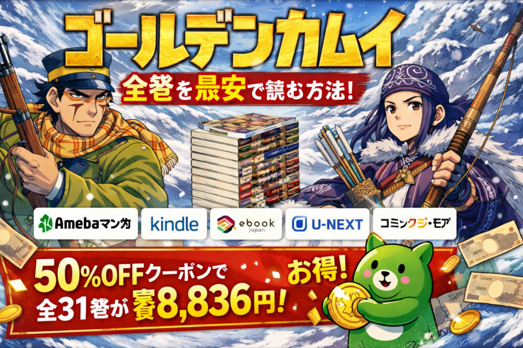 『ゴールデンカムイ』全巻を最安で読む方法|電子書籍5社を徹底比較&Amebaマンガのお得な使い方【2026年3月最新】 『ゴールデンカムイ』を今すぐお得に全巻読むなら、Amebaマンガの新規登録50%即時還元クーポンが最もコスパの高い選択肢です。全31巻・定... -
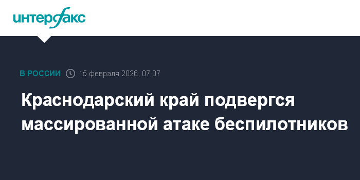 Москва. 15 февраля. INTERFAX.RU - Краснодарский край в ночь на воскресенье подвергся массированной атаке со стороны Украины, два человека ранены, есть очаги возгорания, сообщил утром в воскресенье губернатор региона Вениамин Кондратьев.
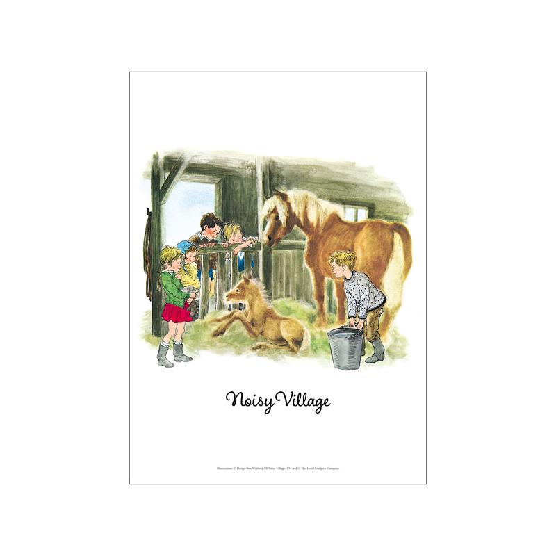In this heartwarming Noisy Village scene, the children gather in the stable to welcome a newborn foal. The gentle horse and soft hay bring a sense of rural life and harmony, while Astrid Lindgrens beloved characters watch in awe. A perfect celebration of nature and friendship, this detailed illustration adds countryside magic to any wall. Ideal for horse lovers and fans of nostalgic Scandinavian art.

* * *

**Aim of the task:** An unaltered copy of the material, without images, should be set down.

**Task answer:**
 『ゴールデンカムイ』全巻を最安で読む方法|電子書籍5社を徹底比較&Amebaマンガのお得な使い方【2026年3月最新】 『ゴールデンカムイ』を今すぐお得に全巻読むなら、Amebaマンガの新規登録50%即時還元クーポンが最もコスパの高い選択肢です。全31巻・定... -
 Москва. 15 февраля. INTERFAX.RU - Краснодарский край в ночь на воскресенье подвергся массированной атаке со стороны Украины, два человека ранены, есть очаги возгорания, сообщил утром в воскресенье губернатор региона Вениамин Кондратьев.
In this heartwarming Noisy Village scene, the children gather in the stable to welcome a newborn foal. The gentle horse and soft hay bring a sense of rural life and harmony, while Astrid Lindgrens beloved characters watch in awe. A perfect celebration of nature and friendship, this detailed illustration adds countryside magic to any wall. Ideal for horse lovers and fans of nostalgic Scandinavian art.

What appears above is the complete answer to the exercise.